POR KUKULKAN
POR MÁS que se esfuercen los alquimistas de la opinión pública, hay realidades que no pueden transformarse con un trending topic ni con una granja de bots trabajando horas extra. Y eso parece ser precisamente lo que tiene desesperados a ciertos sectores de la derecha mexicana, que han encontrado en el Mundial de Futbol 2026 la nueva estación de su viacrucis político: cualquier protesta, cualquier inconformidad, cualquier reclamo legítimo se convierte automáticamente en la prueba irrefutable de que México vive al borde del colapso y que el gobierno de Claudia Sheinbaum está a punto de derrumbarse como castillo de naipes.
LA FÓRMULA ya la conocemos. Si la CNTE protesta, no se trata de un conflicto magisterial histórico, sino del síntoma terminal de un país ingobernable. Si las madres buscadoras marchan para exigir verdad y justicia por sus desaparecidos, entonces no es la expresión de un dolor legítimo, sino la evidencia de una supuesta crisis que, según los propagandistas de ocasión, debería avergonzar a México ante los ojos del mundo.
DE PRONTO, los mismos personajes que durante años guardaron un prudente silencio frente a tragedias nacionales hoy se presentan como los más fervientes defensores de los derechos humanos. Los mismos que minimizaron desapariciones, masacres y abusos de autoridad durante los gobiernos neoliberales ahora descubren una sensibilidad extraordinaria por las causas sociales. Qué conmovedor. Casi dan ganas de creerles.

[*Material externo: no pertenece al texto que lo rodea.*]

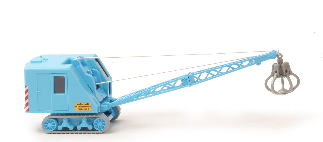 Oberwagen Oberteil | dunkles hellblau | Scheinwerfer an Oberwagen | mit, gesilbert | Rückleuchten an Oberwagen | mit, rot bedruckt | Verglasung | klar | Windeneinheit | einteilig, dunkles hellblau | Oberwagen Unterteil | dunkles hellblau | Ausleger | 2-teilig, dunkles hellblau, Teile gesteckt | Verseilung | filigranes Gummi weiß | Greifer | glasiges staubgrau | Verbindung Ober-/Unterwagen | gesteckt auf dünnem Zapfen | Unterwagen Oberteil | dunkles hellblau | Unterwagen Unterteil | dunkles hellblau | hier Bodenprägung | WM (altes WIKING-Logo) | Laufräder | dunkles hellblau | Gummiraupen | ca. silbergrau | Beschriftung Seite | Schild "Aufenthalt im Fahrenbereich verboten!" | Beschriftung Heck | Krupp Logo, "Krupp Ardelt" | Warnbaken | rot/weiß gedruckt |

PERO el problema para ellos es que la memoria colectiva sigue funcionando, aunque les incomode. Todavía hay millones de mexicanos que recuerdan perfectamente los tiempos en que las protestas sociales se resolvían con toletes, gases lacrimógenos o simplemente con el silencio institucional. Todavía hay quienes recuerdan Atenco, Ayotzinapa, Tlatlaya y una larga lista de episodios donde la respuesta oficial no fue precisamente el diálogo.
POR ESO resulta curioso observar cómo algunos comentaristas y opinadores profesionales intentan construir la narrativa de un supuesto autoritarismo morenista mientras olvidan convenientemente quiénes fueron los verdaderos especialistas en la materia. Es como ver a un pirómano impartiendo conferencias sobre prevención de incendios. La realidad política que más les duele no es una marcha de maestros ni una manifestación de buscadoras. Lo que verdaderamente los atormenta es que, después de ocho años de oposición, siguen sin poder construir una alternativa política creíble.
MORENA podrá tener errores, contradicciones y desafíos enormes, pero la oposición tradicional continúa atrapada en un laberinto del que no encuentra salida. No ofrece un proyecto distinto. No presenta una visión de país. No articula una propuesta económica, social o política capaz de entusiasmar a las mayorías. Su principal estrategia sigue siendo apostar al desgaste del gobierno en turno y esperar que el descontento haga el trabajo que ellos no han podido hacer en las urnas.
DE ESA MANERA, cualquier conflicto es recibido como maná del cielo. Cada protesta es magnificada. Cada discrepancia se convierte en crisis nacional. Cada tendencia en redes es presentada como si fuera el inicio de una rebelión popular. Y cuando la realidad no coopera, siempre queda el recurso de fabricar percepciones digitales.
DESDE luego, nadie puede ni debe descalificar las demandas legítimas de los maestros o de los familiares de personas desaparecidas. Son causas serias que merecen atención, diálogo y soluciones. Lo que resulta cuestionable es el intento de ciertos actores políticos y mediáticos por utilizar esos reclamos como combustible para una narrativa catastrofista cuyo objetivo final poco tiene que ver con la justicia social y mucho con la disputa por el poder.
QUIZÁ por eso la campaña permanente de descrédito parece avanzar con más ruido que resultados. Porque fuera de las burbujas digitales y de los estudios de televisión donde algunos comentaristas viven instalados, existe un país real que todavía recuerda quién gobernó durante décadas y cómo lo hizo. Y ese es el detalle que los estrategas de la nostalgia neoliberal siguen sin comprender. Los mexicanos pueden estar inconformes con muchas cosas; pueden exigir mejores resultados y mayores respuestas gubernamentales. Pero una cosa es demandar cambios y otra muy distinta querer regresar a un pasado que la mayoría ya conoce demasiado bien.
MIENTRAS la oposición continúe confundiendo la crítica legítima con la construcción de una alternativa política, seguirá celebrando tendencias efímeras como si fueran victorias históricas. Y así, entre hashtags, escándalos prefabricados y pronósticos apocalípticos que nunca llegan, continuará disputando el campeonato mundial de la desesperación.